The insurer later clarified to CTV News that this is because it does not have comprehensive coverage with ICBC.
“In general, in a situation like this, optional comprehensive auto insurance would cover the cost of repairing the vehicle for those customers who purchased it from ICBC or a private insurer,” the Crown Corporation wrote in an email statement.
ICBC said it advised Jane to contact Victim Services for support.
“To be clear, ICBC is not denying any claim from (Jane), but unfortunately there is no claim to consider based on her insurance coverage with us,” the statement added.
Janes said RCMP’s Victim Services have checked her several times but will not facilitate or pay for the cost of cleaning her vehicle, despite using it as evidence.
Instead, she was referred to the county’s Crime Victim Assistance Program.
“The role of our Surrey RCMP Victim Services staff is to provide crime victims/witness referrals to support resources, including but not limited to providing assistance applications to crime victims,” said Cpl. Vanessa Munn in an email to CTV News.
Munn said, however, that caseworkers cannot file a claim on behalf of an individual.

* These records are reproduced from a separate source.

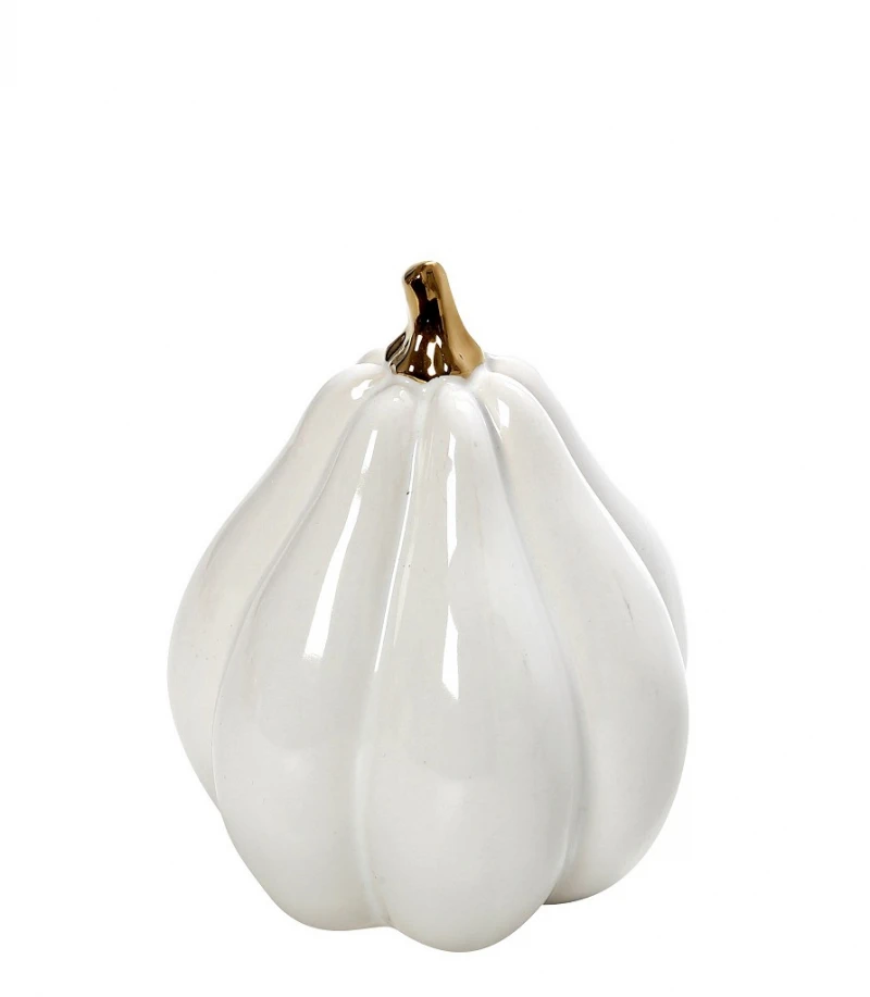 Διακοσμητική Επιτραπέζια Κολοκύθα Κεραμική Λευκή-Χρυσή ESPIEL 10x10x12,5εκ. ROD248K4
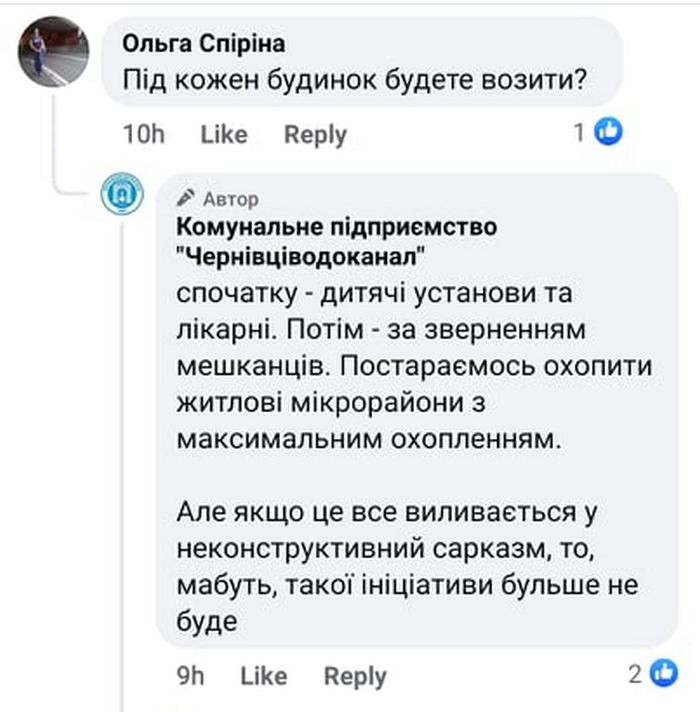 «Постараємось охопити житлові мікрорайони з максимальним охопленням. Але якщо це все виливається у неконструктивний сарказм, то, мабуть, такої ініціативи більше не буде», – пригрозили у водоканалі.
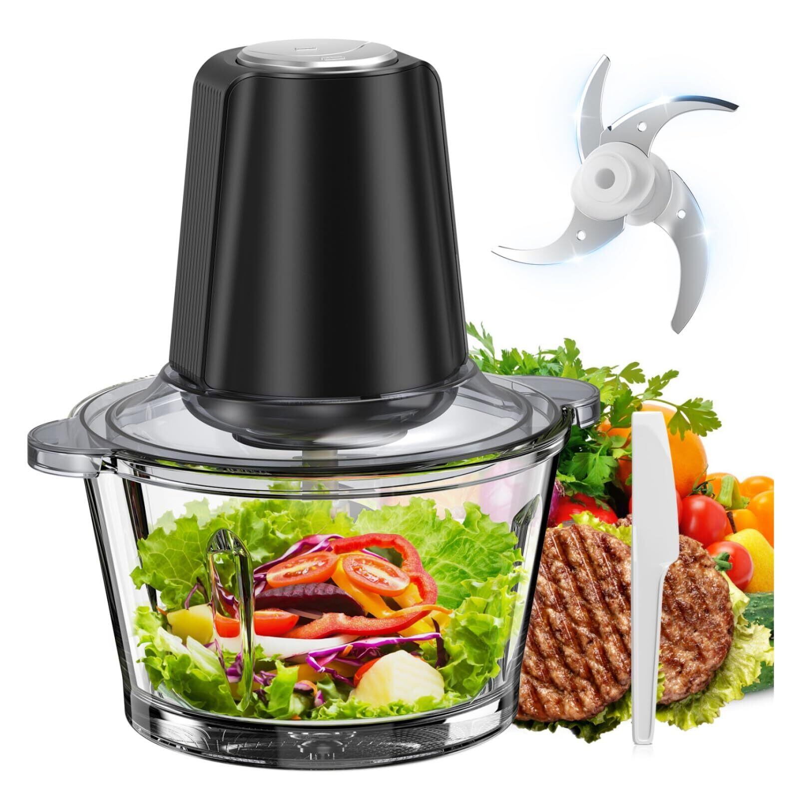 フードプロセッサー 2L大容量 CEUKOZ 1台5役 (刻む・混ぜる・潰す・砕く・粗おろし) 500Wハイパワー 2段階スピード 4枚刃カッター フードチョッパー 氷も砕ける ブレンダー 離乳食 電動 挽肉 みじん切り フードミキサー 人気 家庭用 洗いやすい

“I think maybe they should call instead of me, because they know all my information,” Jane said.
She said it is difficult to determine her next steps as she tries to process what has happened to her.
“I’m so confused I can’t even speak properly, you know? So I don’t know, it’s very difficult. It’s traumatizing,” she says.
HOPE AND WAIT
The CVAP program provides financial benefits to offset financial losses and aid in recovery.
That includes advice, transportation and related costs, and crime scene cleanup.
However, Jane will have to pay for the services first and then wait to be refunded, and there is no guarantee her application will be approved.
“If a claim is accepted for benefits, the Crime Victim Assistance Program can pay for the services upon receipt of the bill directly from the service provider,” the Department of Public Security and the Solicitor General said in an email to CTV News.
Since Jane is a single mother with a disability, she cannot afford to pay the bill up front.
“I feel like I’m the victim, totally. I am the victim and I am stuck with this mess and how do I proceed?”
Her loved ones are also frustrated with the process.
“No one is willing to take responsibility for the situation, and meanwhile, it’s not her fault that this happened,” her friend Brandon Ward said.
Ward said that putting a victim through this kind of process sends the wrong message to Good Samaritans.
“When you look back and see what she went through, why would anyone want to stop and help someone who knows this can happen?” asked Ward.
“In a way, I feel like yes, I’m being punished for it,” Jane said.
The family is now fundraising hoping to cover the cleaning, but says they never thought trying to do the right thing would come at such a steep price.